The Comet Rendezvous Asteroid Flyby (CRAF) was a cancelled plan for a NASA-led exploratory mission designed by the Jet Propulsion Laboratory during the mid-to-late 1980s and early 1990s, that planned to send a spacecraft to encounter an asteroid, and then to rendezvous with a comet and fly alongside it for nearly three years. The project was eventually canceled when it went over budget; most of the money still left was redirected to its twin spacecraft, Cassini–Huygens, destined for Saturn, so it could survive Congressional budget cutbacks. Most of CRAF's scientific objectives were later accomplished by the smaller NASA spacecraft Stardust and Deep Impact, and by ESA's flagship Rosetta mission.

Overview
Designed to be the first of the planned Mariner Mark II series of spacecraft, CRAF was to closely examine a comet during a part of its orbit around the Sun. It was to launch a heavily instrumented penetrator/lander into the comet's nucleus to measure temperatures and chemical composition. CRAF's other instruments would collect data on the comet's nucleus, its coma, and its 
dust and ion cloud and tail. CRAF was also to provide the first close-up look at how a comet's coma and its tail of dust and ions form. CRAF and Cassini missions were a collaborative project of NASA, the European Space Agency and the federal space agencies of Germany and Italy, as well as the United States Air Force and the United States Department of Energy.

CRAF was to be launched aboard a Titan IV-Centaur rocket in August 1995, but as of February 1991 the launch date was swapped with Cassini and CRAF's launch was moved back to February 1996. The new launch profile included a Venus gravity assist, that added eight months to the planned flight time but offered an increase in payload and better alternatives if the February 1996 launch window were missed. The trajectory would carry CRAF out to the asteroid belt, where a propulsion maneuver would send the spacecraft back toward Earth for a gravity assist boost.
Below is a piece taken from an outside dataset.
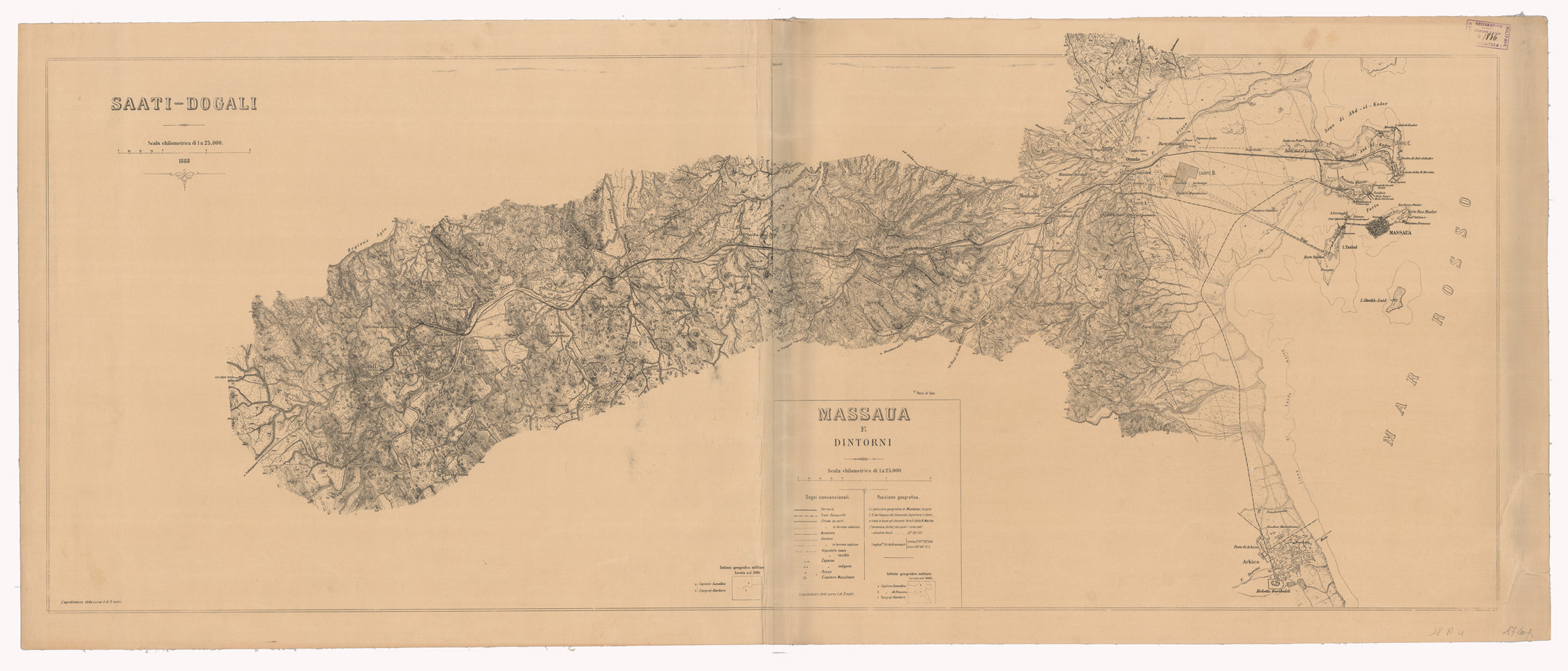 "I.G.M. La carta è in tre fogli riprodotti in fotozincografia sui rilievi eseguiti nel 1888 completati con quelli del 1885 (Ten.i Lavallea, De Fonseca, top. Ciorlieri) e appoggiati ad una triangolazione grafica. La posizione di Massaua (spigolo sud-est del Palazzo del Comando) fu determinata in base agli elementi forniti dalla R. Marina (Cannoniera "Scilla") dai quali risulta a 15° 36' 41" lat. nord, ed a 39° 28' 9" longitudine est Greenwich. La rappresentazione orografica è a curve di livello tracciate all'equidistanza di 5 m. I fogli comprendono la zona adiacente alla ferrovia Massaua Saati e il litorale fino al villaggio di Arkico. La carta è stampata in nero: fu riprodotta a colori e inserita nella "Rivista Militare Italiana" (settembre 1888) ad accompagnare la relazione ufficiale della campagna di guerra per la rioccupazione di Saati (1887-1888) in occasione della quale furono compiute le ulteriori operazioni topografiche in quella zona. Questi rilievi e quelli al 10.000 intorno a Massaua eseguiti nel 1885-1888 dal Tenente Lavallea (ved. N° 4 e 19 d'ordine, N. 4258 e 1834 d'inventario generale), furono poi impiegati nella preparazione della carta al 50.000 della Colonia Eritrea (ved. N° 61 d'ordine, N. 724 d' inventario generale)."

CRAF would fly past the Earth in July 1997 to take up its final flight path. By using gravity assist, NASA can launch spacecraft aboard rockets that have less thrust than would be needed for a direct flight.

The spacecraft was to encounter an asteroid named 449 Hamburga in January 1998 en route to the comet. CRAF would take photographs and deploy other scientific measurements during the encounter period. Asteroid 449 Hamburga is about  in diameter and is thought to be a carbonaceous type asteroid.

CRAF's planned cometary target was Comet Kopff. This was named for August Kopff, who discovered it on August 22, 1906, during an observing session at Koenigstuhl Observatory near Heidelberg, Germany.

Ninety-four years after Kopff's  discovery, CRAF  would arrive at the rendezvous point with Comet Kopff — in August 2000. Comet and spacecraft would be at the distance of Jupiter's orbit, and 850 days before closest approach to the Sun, or perihelion. CRAF would fire its penetrator/lander at the comet in August 2001, then would continue to fly beside Kopff. The spacecraft would take data for a total of two and two-thirds years, until about 109 days after they pass closest to the Sun and are outward bound again. It was to be the  first time a spacecraft would have flown in formation with a comet, though a U.S. spacecraft, International Cometary Explorer (ICE), flew  by Comet Giacobini-Zinner in 1985, spacecraft from several countries encountered Comet Halley in 1986, and the Giotto spacecraft flew past Comet Grigg-Skjellerup in 1992.

The comet rendezvous would allow study of matter that scientists think is the original, relatively unchanged material left behind when a cloud of dust and gas collapsed to form the Solar System 4.6 billion years ago. Scientists believe comets now reside in a distant region of the Solar System called the Oort cloud. Current theory holds that gravitational nudges from stars in the Sun's neighborhood send some comets from the Oort cloud falling toward the Sun.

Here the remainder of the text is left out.